People can be sane and yet incredibly wrong. Someone like Rubio or even Rand Paul is, at least partly, trying to walk a fine line between sanity and protecting himself from an attack by the hordes of madmen who vote in the primaries. I don't like their positions, certainly, and because of their sanity I'd say they're possibly more dangerous than someone like Bachmann, but several of them are likeable and even civil. (Paul Ryan, I think, is such a type. He's very wrong, but he's quite bright, and he's actually quite likeable as a person once you get away from his budget and his insane position on abortion. If I were to have lunch with a member of the GOP, Ryan would actually be fairly high on my list.)

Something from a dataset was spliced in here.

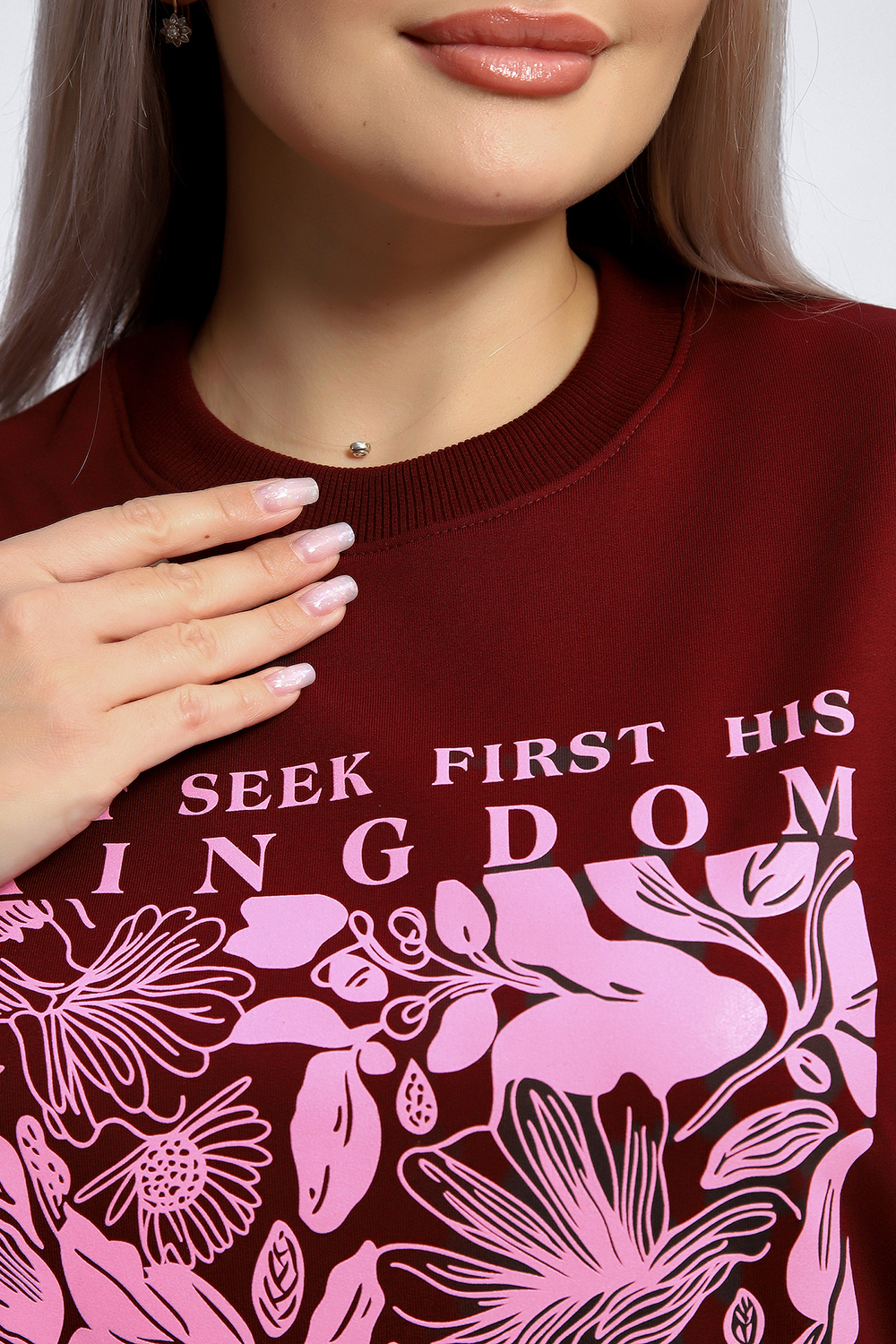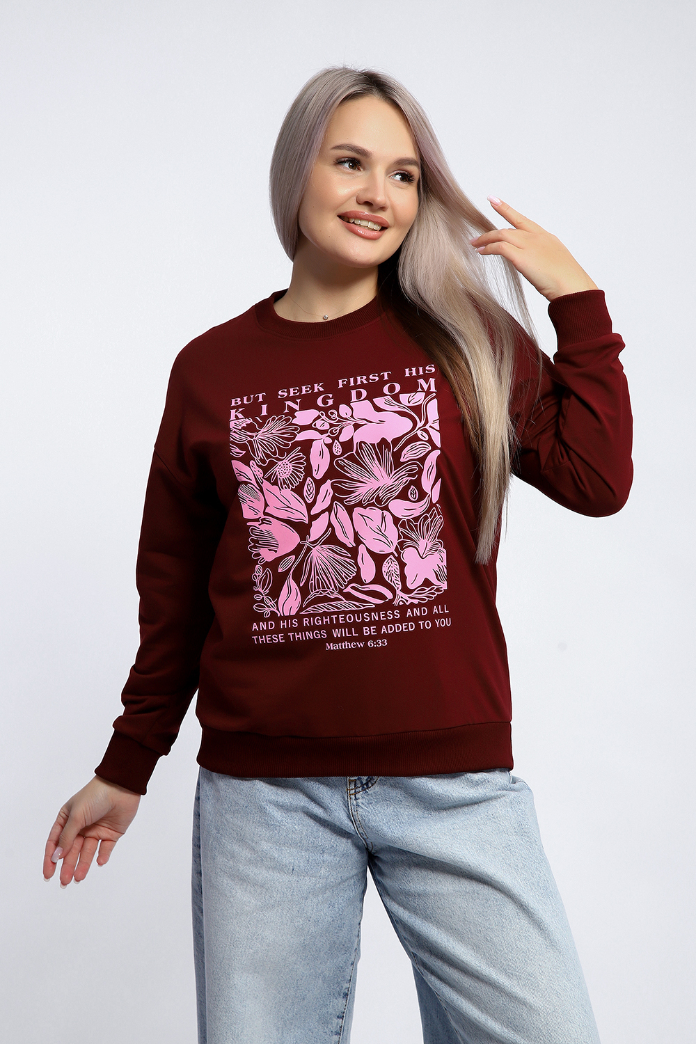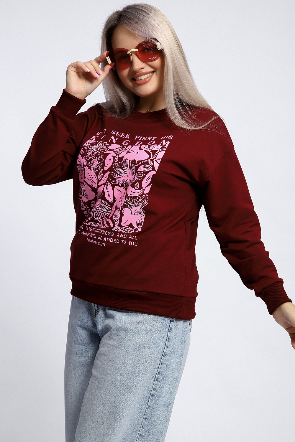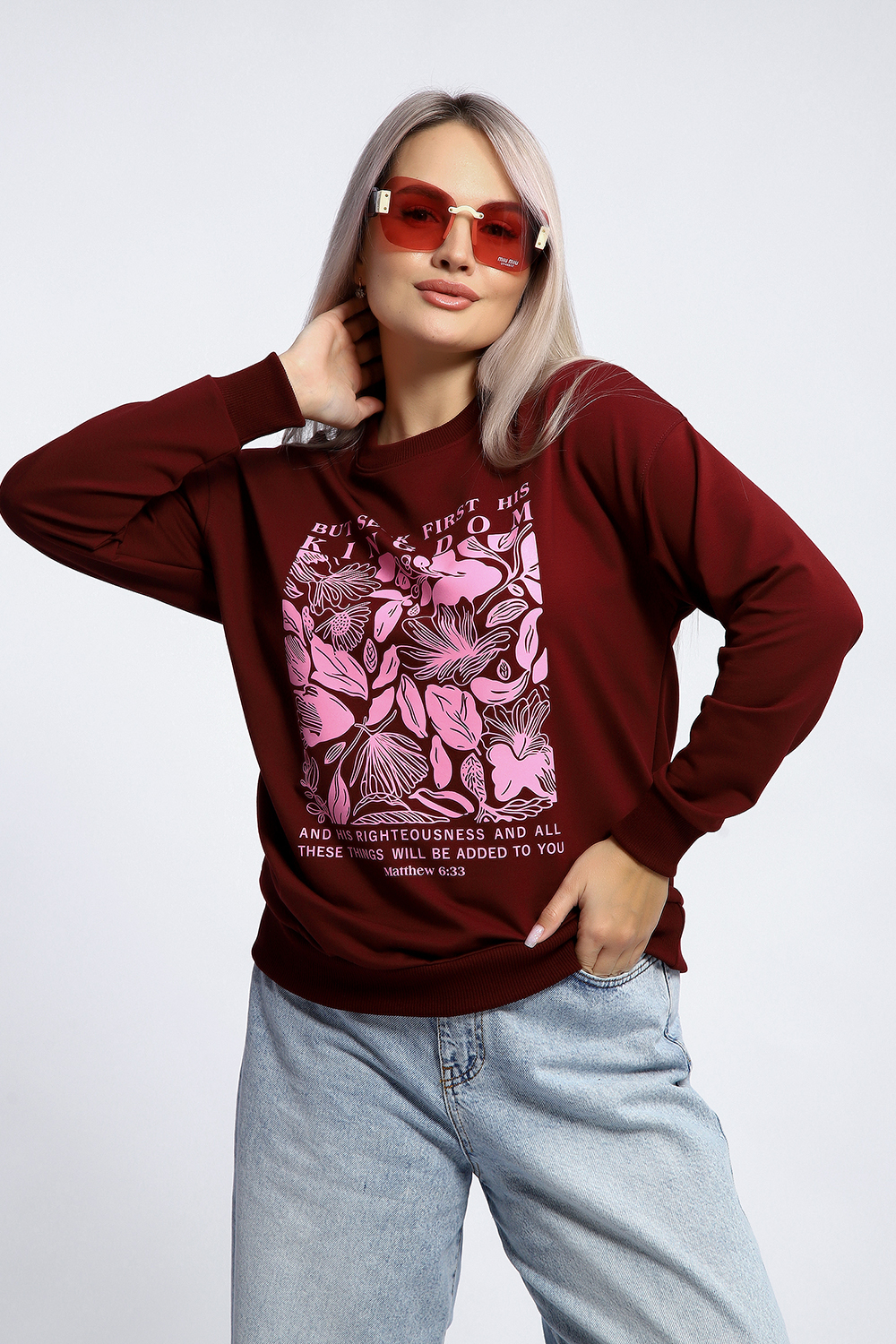 Толстовка свободного кроя оверсайз со спущенной линией плеча прекрасный вариант для прохладной погоды! Мягкое, эластичное кашкорсе в тон ткани использовано для отделки горловины, манжет и пояса. На полочке декоративный принт.

It's nice to think, and indeed I'd like to believe, that you can never divorce the man's voting record from the man. But that's not entirely true. There's an anecdote that when President Ford was a congressman, if he saw a homeless person during his walk to the Capital, he would give him his lunch without thinking twice, and then proceed to vote against school lunch subsidies for schoolkids, without ever seeing the contradiction. Is he a hypocrite? Well, maybe. But I think there's something deeper here about human nature: if presented with a problem that is near to us, and a problem that is far away or feels far away, we make them as if we were two different people. Currently, I live in Oklahoma, one of the reddest, most reactionary, Bill O'Reilly-watching states in the country. And the people who live here are hospitable and kind in a way that I've just never seen en masse up north. It's not really an active sin; it's a glitch (maybe) in the wiring of human psyches.
As for 2014: it seems likely that the Republicans are going to keep the House (and quite possibly take the Senate) due to the demographics of midterm elections (and, in the Senate's case, races in several reddish states with moderate Democratic incumbents), which will- quite wrongly- send the message that contrarian batshittery works. But, as you say, it remains to be seen.